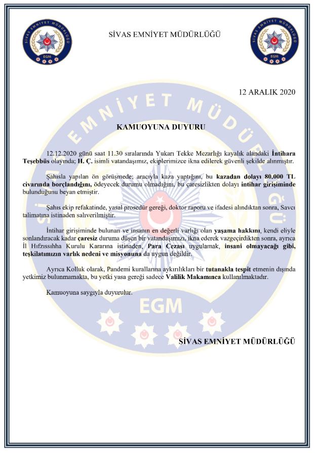 Gün içerisinde Sivas’ta sokağa çıkma kısıtlamasını delerek uçurumda intihar a kalkışan gence, sokağa çıkma kısıtlamasını ihlalden Sivas İl Emniyet Müdürlüğü tarafından 3 bin 150 TL'lik tutanak tutulmuştu.
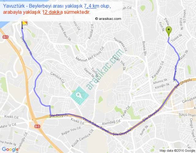 Yavuztürk - Beylerbeyi arası yaklaşık olarak 90 km/h ile yukarıda belirtilen sürede olup, iki yerin kuş uçuşu uzaklığı (mesafesi) 3'dir. Yolculuk otobüsle 15 dakika sürmektedir.
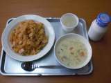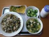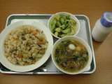 5月14日(月)、今日の献立は、山菜ピラフ、春雨スープ、野菜の中華風味、牛乳で...
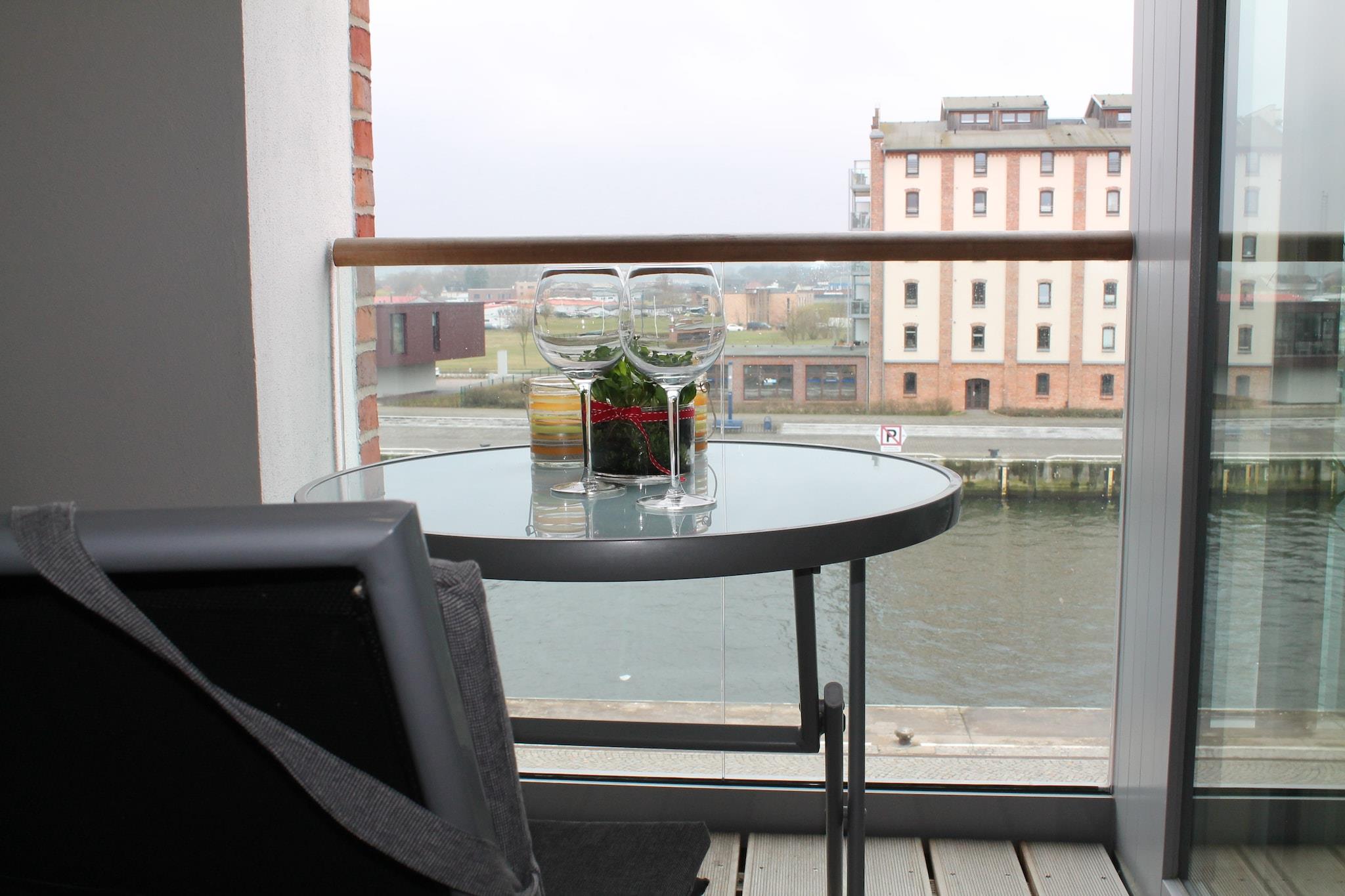 Gemütliches Apartment in Wismar mit Balkon und Blick auf die Ostsee, nahe Hafen und Altstadt, ideal für einen erholsamen Urlaub zu zweit.
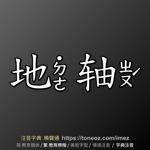 辭典解釋為:地,1.人類萬物棲息生長的處所。與「天」相對。例:大地、天地 2.指地球。例:地心 3.田地、土地。例:耕地、荒地、地盡其利 4.場所。例:發源地、目的地、根據地 5.區域。例:本地、殖民地、臺灣各地 6.地位、立場。例:易地而處、設身處地 7.本性、心思、意志的領域。例:見地、心地 8.本質、底子。例:質地 9.助詞。用於副詞語尾。例:忽地、驀地...
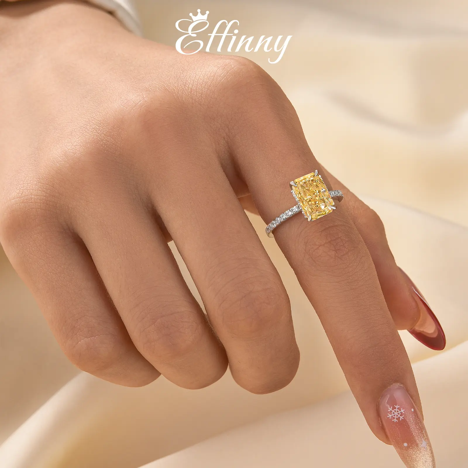 5. Effinny 3.5ct Elongated Yellow Stone Radiant Cut Engagement Ring In Sterling Silver,5A Grade Cubic Zirconia Anniversary Ring for Women

▶ _WHAT TO DO_:
The lines from the one containing "Yavuztürk - Beylerbeyi" through the last line of the entries are to be copied exactly, both ends included, and the pictures are to be omitted.

▶ _PROBLEM SOLUTION_:
 Yavuztürk - Beylerbeyi arası yaklaşık olarak 90 km/h ile yukarıda belirtilen sürede olup, iki yerin kuş uçuşu uzaklığı (mesafesi) 3'dir. Yolculuk otobüsle 15 dakika sürmektedir.
 5月14日(月)、今日の献立は、山菜ピラフ、春雨スープ、野菜の中華風味、牛乳で...
 Gemütliches Apartment in Wismar mit Balkon und Blick auf die Ostsee, nahe Hafen und Altstadt, ideal für einen erholsamen Urlaub zu zweit.
 辭典解釋為:地,1.人類萬物棲息生長的處所。與「天」相對。例:大地、天地 2.指地球。例:地心 3.田地、土地。例:耕地、荒地、地盡其利 4.場所。例:發源地、目的地、根據地 5.區域。例:本地、殖民地、臺灣各地 6.地位、立場。例:易地而處、設身處地 7.本性、心思、意志的領域。例:見地、心地 8.本質、底子。例:質地 9.助詞。用於副詞語尾。例:忽地、驀地...
 5. Effinny 3.5ct Elongated Yellow Stone Radiant Cut Engagement Ring In Sterling Silver,5A Grade Cubic Zirconia Anniversary Ring for Women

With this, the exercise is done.